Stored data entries
——

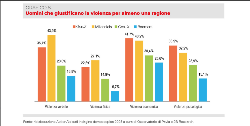 “La violenza economica è considerata accettabile da un uomo su tre, e lo è per quasi la metà dei maschi Millennial e quelli della Gen Z. Per uno su quattro la violenza verbale e quella psicologica sono ampiamente motivate da provocazioni e comportamenti “scorretti” delle donne. La maggioranza (55%) dei Millennials ritiene legittimo il controllo sulla partner, soprattutto in caso di tradimento o di mancata cura della casa e dei figli. Anche la violenza fisica è giustificabile per quasi 2 maschi adulti su 10.
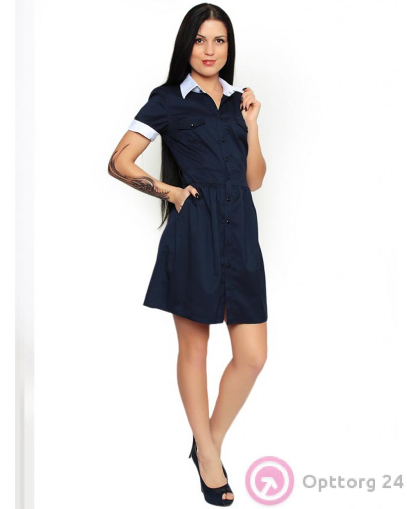 Женское платье на пуговицах тёмно-синего цвета с белым воротником. оптом
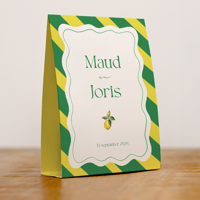 Een kleurrijke unieke tentkaart trouwkaart. Deze trouwkaart valt op qua kleuren en patronen. Je ziet een groen gele gestreepte achtergrond met een golvend kader waarin de naam en de trouwdatum van het bruidspaar staat. De trouwkaart krijgt door het citroentje een mediterraans tintje. Laat jullie gasten versteld staan door deze kleurrijke kaart. De gehele trouwkaart is naar eigen smaak in de online editor aan te passen.
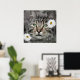 This beautiful poster print for cat lovers and cat owners features a photograph of a handsome fawn tabby cat with startling green eyes and cute tawny brown nose hiding out in the grass as he looks up speculatively at a tree with birds in it. On either side of the tom cat's face are daisy flowers.
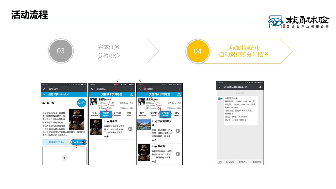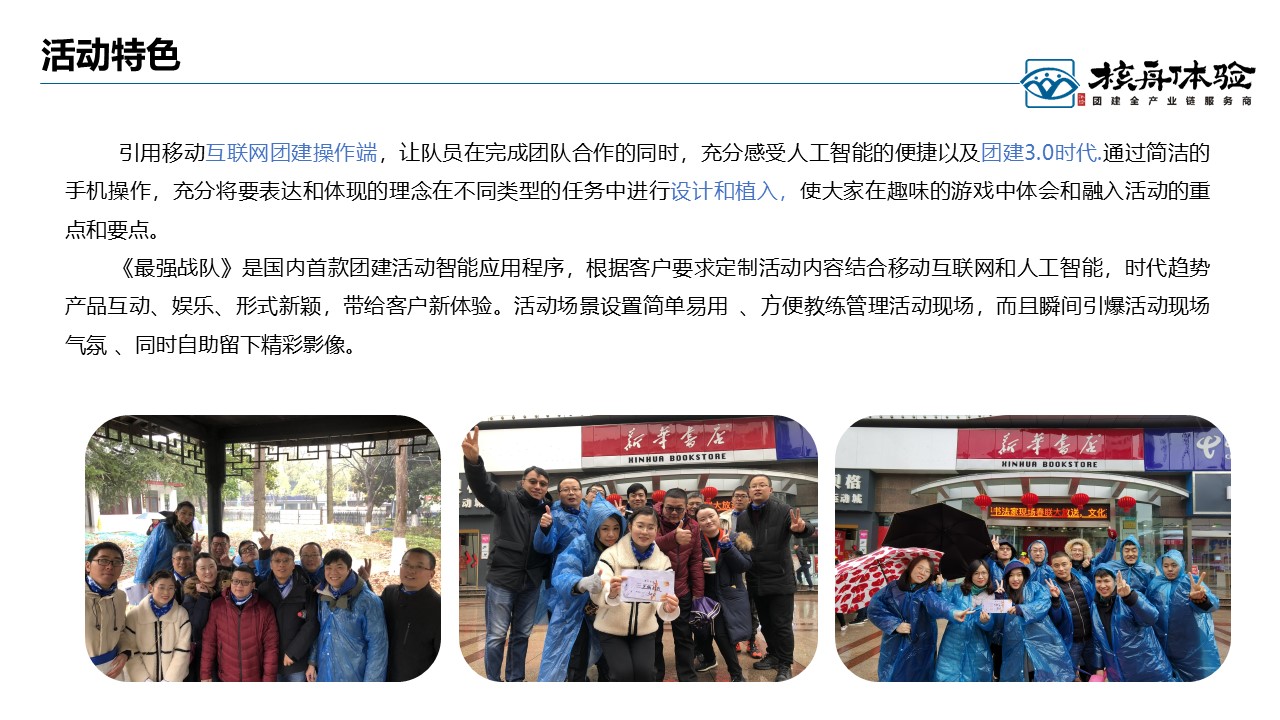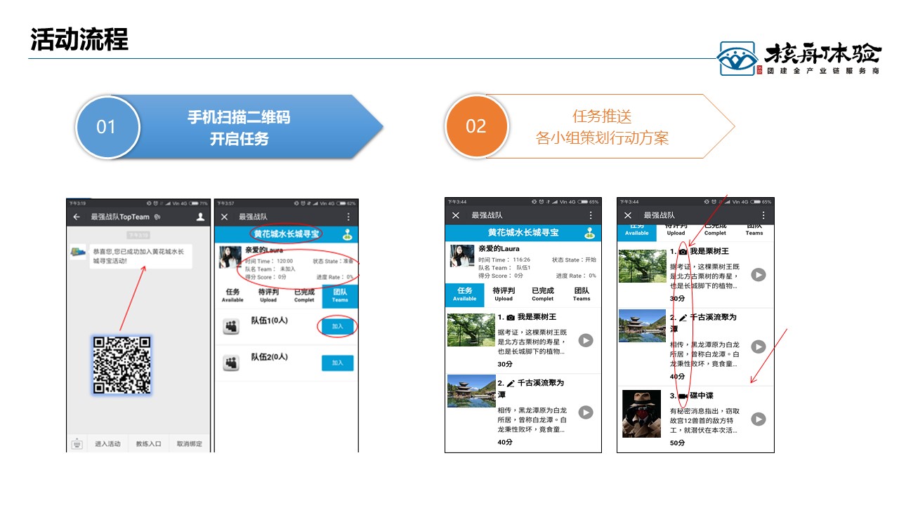 最強戰隊,跑男升級版, 線上線下結合, 時尚有趣有料。活動場景設置簡單易用 、方便教練管理活動現場,而且瞬間引爆活動現場氣氛 、同時自助留下精彩影像。核心玩法:小程序基于景區元素+企業文化+游戲任務多元融合設計,體驗中更加強調以學員為中心的決策與執行
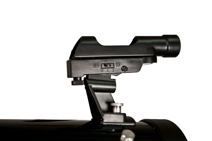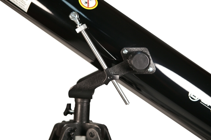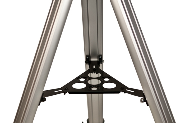 Монтировка снабжена микрометрическим винтом по высоте, который облегчает слежение за звездами. Она имеет легкий и плавный ход, что способствует более четкому наведению и повышает комфорт при работе. Штатив алюминиевый, регулируется по высоте. Имеет полочку для принадлежностей, что очень удобно: во время наблюдений вы можете положить туда, например, ненужные окуляры или линзу Барлоу.
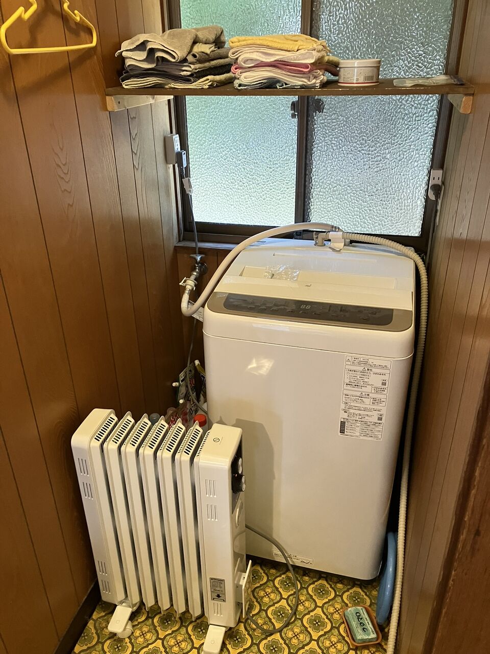 年末に風呂のボイラーが故障して追い炊きが出来なくなっていましたが、風呂から上がった時に脱衣所が寒いのでオイルフリーヒーターを置いてみました。
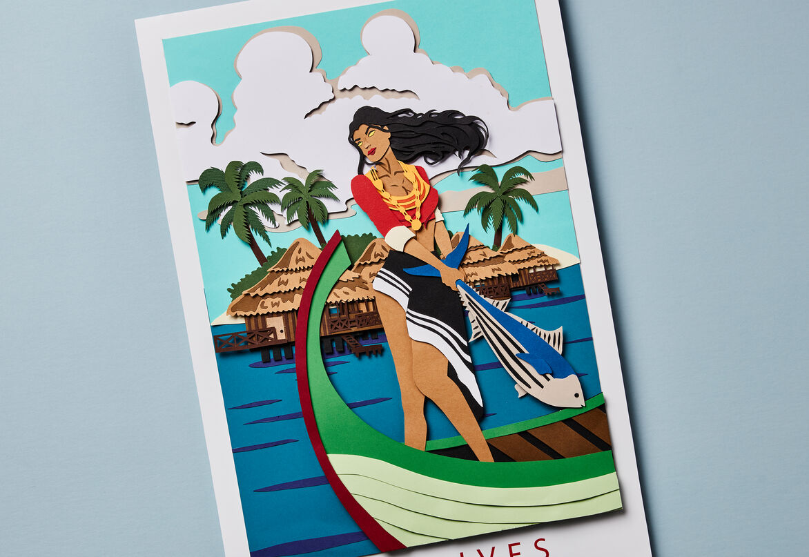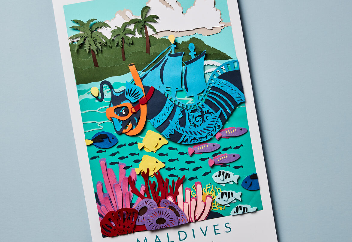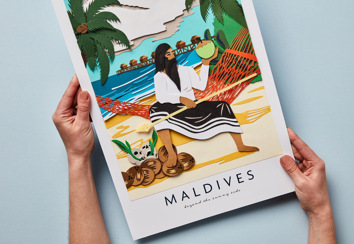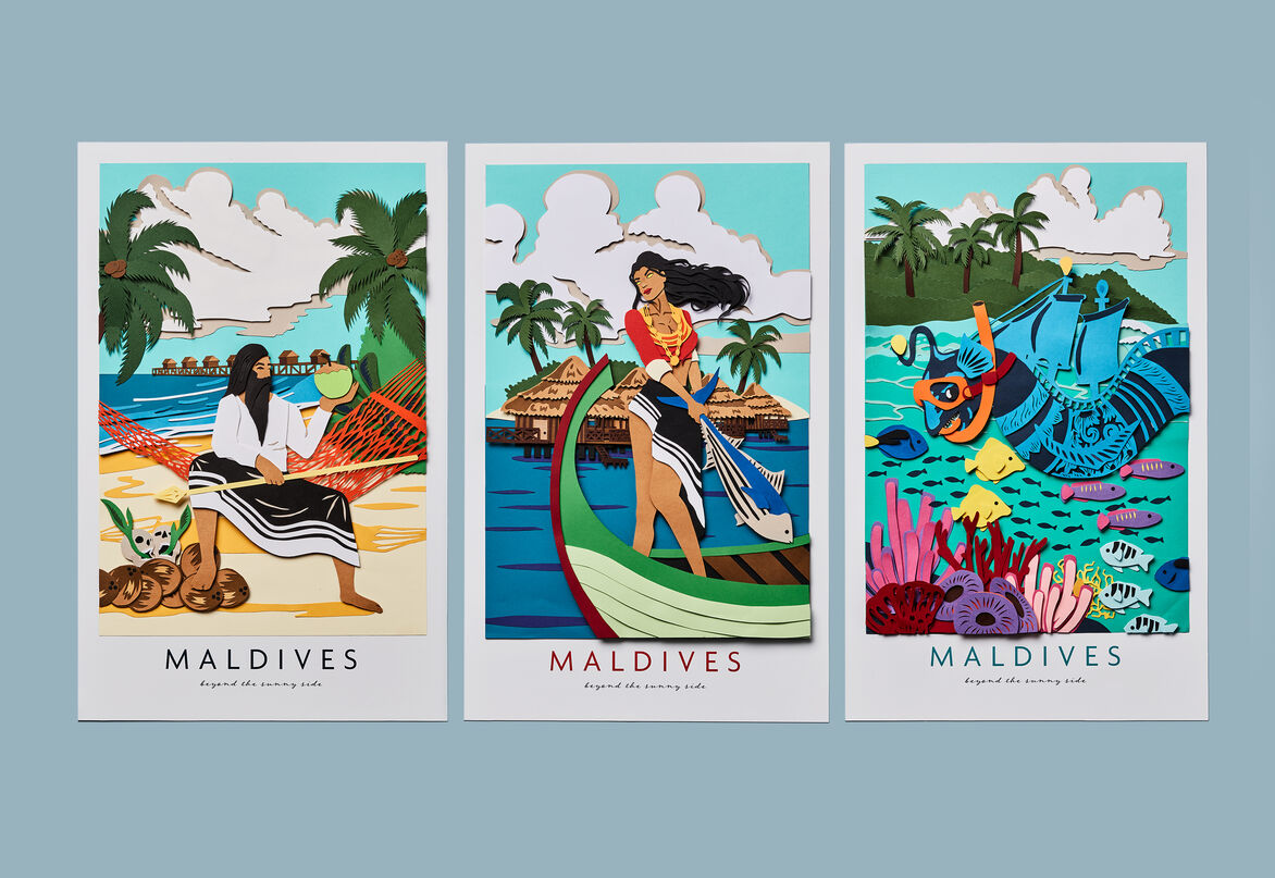 The design of the book takes inspiration from publications made in Maldives. This includes use of strong visuals, vibrant colours, and hand drawn type. The posters were inspired by old vintage travel posters that portrayed scenic images of different countries and places. Similar images taken of Maldivian tourist resorts were used and added the characters from the folklore into these scenes. I wanted to combine the idea of tourism culture with the more traditional culture of Maldives to show how the country is not just one thing, but a combination of both. I also used layers of coloured paper stacked on top of each other to create the posters, because I wanted to add to the concept of revealing the deeply rooted layers of Maldivian culture.
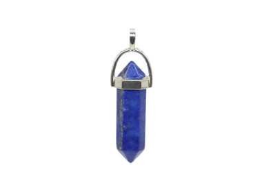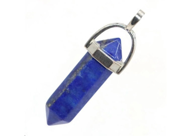 El colgante destaca por su forma de doble punta es una joya elegante, original y divertida. Diseñada con piedras naturales de Lapislázuli. Está ensamblado a mano.
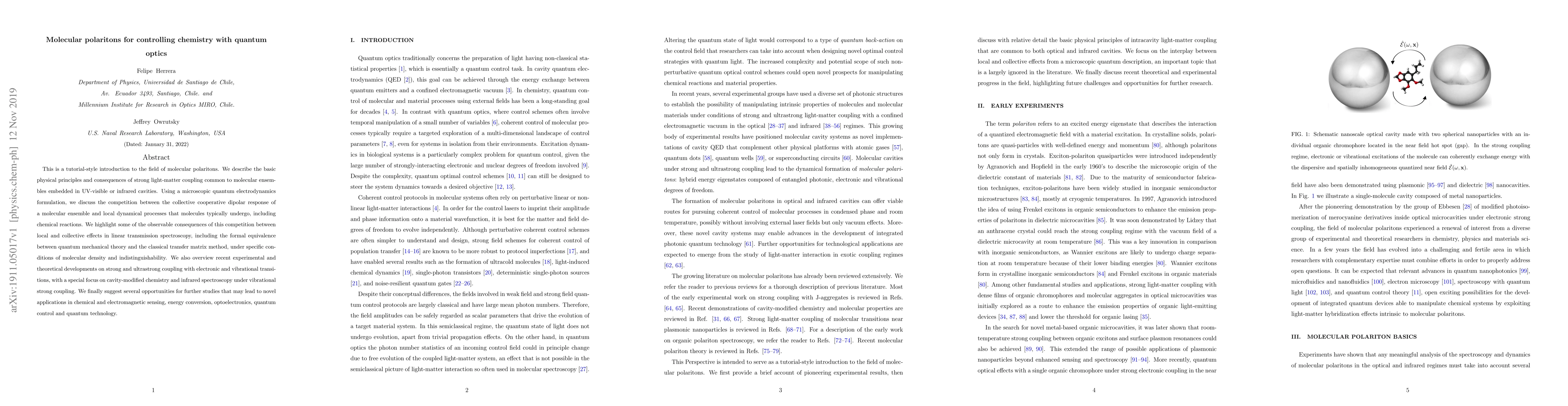 This paper introduces molecular polaritons, discussing the principles of strong light-matter coupling in molecular ensembles within cavities. It explores the competition between collective dipolar responses and local molecular processes, including chemical reactions, and suggests potential applications in various fields such as sensing and quantum technology.
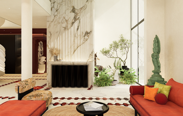 This residential interior is a spectacular showcase of Italian Contemporary Luxury, defined by its dramatic artistic gestures and opulent materiality. The space is anchored by an extraordinary sculptural spiral staircase, whose unique, flowing balustrade serves as a commanding focal point. The design is rich in high-end specifications, featuring expensive, rare marble used prominently on the kitchen counters and island. Further adding to the sensual texture of the space are the soft, possibly velvet ceilings (interpreted from the undulating, textured surfaces), which lend a sense of plush enclosure and superb acoustic quality.
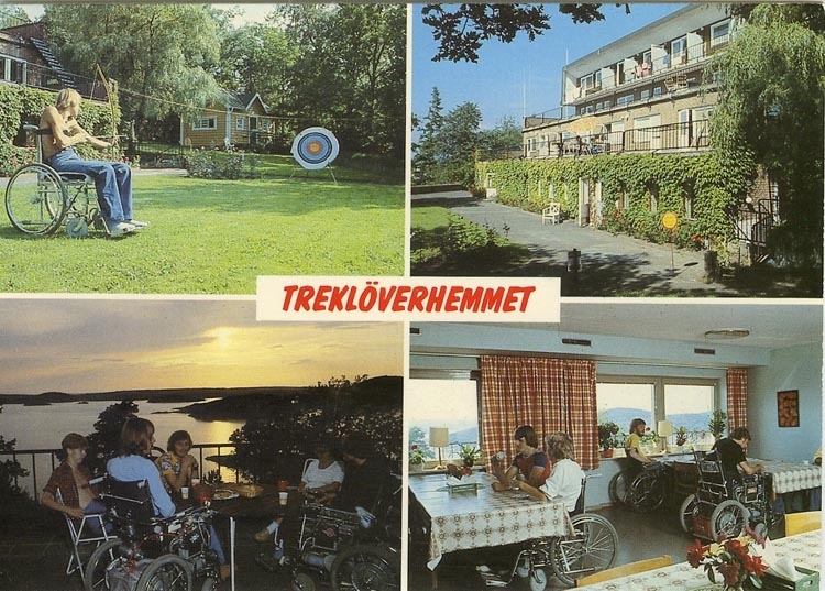Enligt Bengt Lundins noteringar: "Treklöverhemmet. Rehabiliteringscenter för fysiskt handikappade. Fyra bilder. Lyckorna".
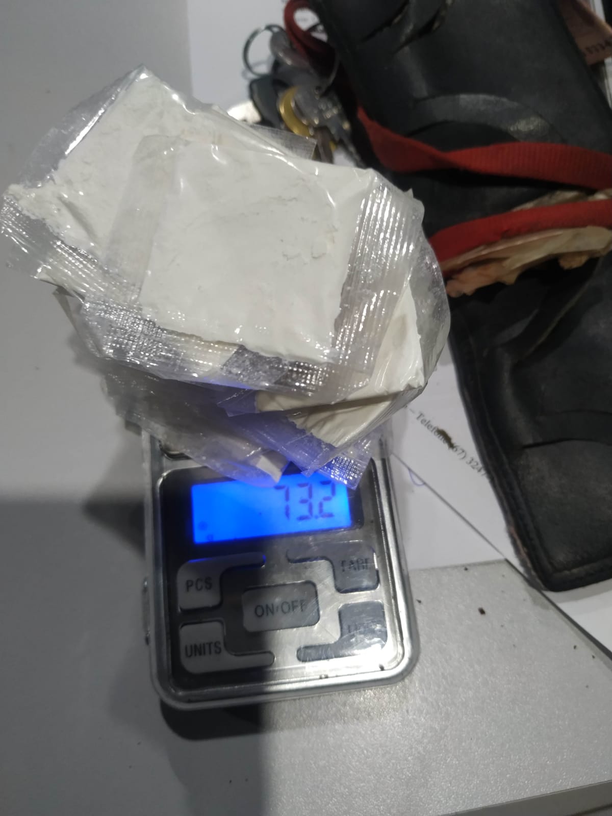 No local, os policiais encontraram, dentro do único quarto em que ficam os autuados, 34 porções de cocaína, devidamente embaladas em plástico, prontas para o comércio, com peso de 73,2 gramas.
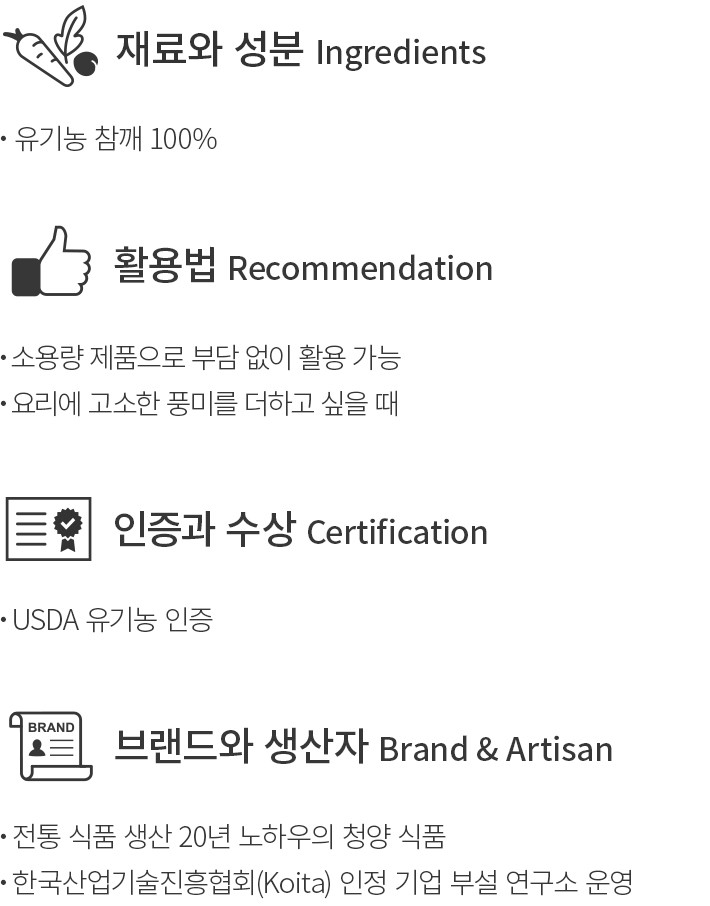 꼼꼼히 엄선한 유기농 참깨만으로 깨끗하게 만든 청양의 유기농 볶음 통 참깨를 만나 보세요. 최적의 온도에서 제대로 볶아 참깨 본연의 고소한 풍미가 잘 살아있답니다. 요리의 모양새를 살리고 고소한 매력을 더하고 싶을 때 활용해 보세요.

——

• PROBLEM DESCRIPTION:
Each record above goes into the copy word for word; the pictures do not.

• ANSWER TO THIS TASK:
 “La violenza economica è considerata accettabile da un uomo su tre, e lo è per quasi la metà dei maschi Millennial e quelli della Gen Z. Per uno su quattro la violenza verbale e quella psicologica sono ampiamente motivate da provocazioni e comportamenti “scorretti” delle donne. La maggioranza (55%) dei Millennials ritiene legittimo il controllo sulla partner, soprattutto in caso di tradimento o di mancata cura della casa e dei figli. Anche la violenza fisica è giustificabile per quasi 2 maschi adulti su 10.
 Женское платье на пуговицах тёмно-синего цвета с белым воротником. оптом
 Een kleurrijke unieke tentkaart trouwkaart. Deze trouwkaart valt op qua kleuren en patronen. Je ziet een groen gele gestreepte achtergrond met een golvend kader waarin de naam en de trouwdatum van het bruidspaar staat. De trouwkaart krijgt door het citroentje een mediterraans tintje. Laat jullie gasten versteld staan door deze kleurrijke kaart. De gehele trouwkaart is naar eigen smaak in de online editor aan te passen.
 This beautiful poster print for cat lovers and cat owners features a photograph of a handsome fawn tabby cat with startling green eyes and cute tawny brown nose hiding out in the grass as he looks up speculatively at a tree with birds in it. On either side of the tom cat's face are daisy flowers.
 最強戰隊,跑男升級版, 線上線下結合, 時尚有趣有料。活動場景設置簡單易用 、方便教練管理活動現場,而且瞬間引爆活動現場氣氛 、同時自助留下精彩影像。核心玩法:小程序基于景區元素+企業文化+游戲任務多元融合設計,體驗中更加強調以學員為中心的決策與執行
 Монтировка снабжена микрометрическим винтом по высоте, который облегчает слежение за звездами. Она имеет легкий и плавный ход, что способствует более четкому наведению и повышает комфорт при работе. Штатив алюминиевый, регулируется по высоте. Имеет полочку для принадлежностей, что очень удобно: во время наблюдений вы можете положить туда, например, ненужные окуляры или линзу Барлоу.
 年末に風呂のボイラーが故障して追い炊きが出来なくなっていましたが、風呂から上がった時に脱衣所が寒いのでオイルフリーヒーターを置いてみました。
 The design of the book takes inspiration from publications made in Maldives. This includes use of strong visuals, vibrant colours, and hand drawn type. The posters were inspired by old vintage travel posters that portrayed scenic images of different countries and places. Similar images taken of Maldivian tourist resorts were used and added the characters from the folklore into these scenes. I wanted to combine the idea of tourism culture with the more traditional culture of Maldives to show how the country is not just one thing, but a combination of both. I also used layers of coloured paper stacked on top of each other to create the posters, because I wanted to add to the concept of revealing the deeply rooted layers of Maldivian culture.
 El colgante destaca por su forma de doble punta es una joya elegante, original y divertida. Diseñada con piedras naturales de Lapislázuli. Está ensamblado a mano.
 This paper introduces molecular polaritons, discussing the principles of strong light-matter coupling in molecular ensembles within cavities. It explores the competition between collective dipolar responses and local molecular processes, including chemical reactions, and suggests potential applications in various fields such as sensing and quantum technology.
 This residential interior is a spectacular showcase of Italian Contemporary Luxury, defined by its dramatic artistic gestures and opulent materiality. The space is anchored by an extraordinary sculptural spiral staircase, whose unique, flowing balustrade serves as a commanding focal point. The design is rich in high-end specifications, featuring expensive, rare marble used prominently on the kitchen counters and island. Further adding to the sensual texture of the space are the soft, possibly velvet ceilings (interpreted from the undulating, textured surfaces), which lend a sense of plush enclosure and superb acoustic quality.
Enligt Bengt Lundins noteringar: "Treklöverhemmet. Rehabiliteringscenter för fysiskt handikappade. Fyra bilder. Lyckorna".
 No local, os policiais encontraram, dentro do único quarto em que ficam os autuados, 34 porções de cocaína, devidamente embaladas em plástico, prontas para o comércio, com peso de 73,2 gramas.
 꼼꼼히 엄선한 유기농 참깨만으로 깨끗하게 만든 청양의 유기농 볶음 통 참깨를 만나 보세요. 최적의 온도에서 제대로 볶아 참깨 본연의 고소한 풍미가 잘 살아있답니다. 요리의 모양새를 살리고 고소한 매력을 더하고 싶을 때 활용해 보세요.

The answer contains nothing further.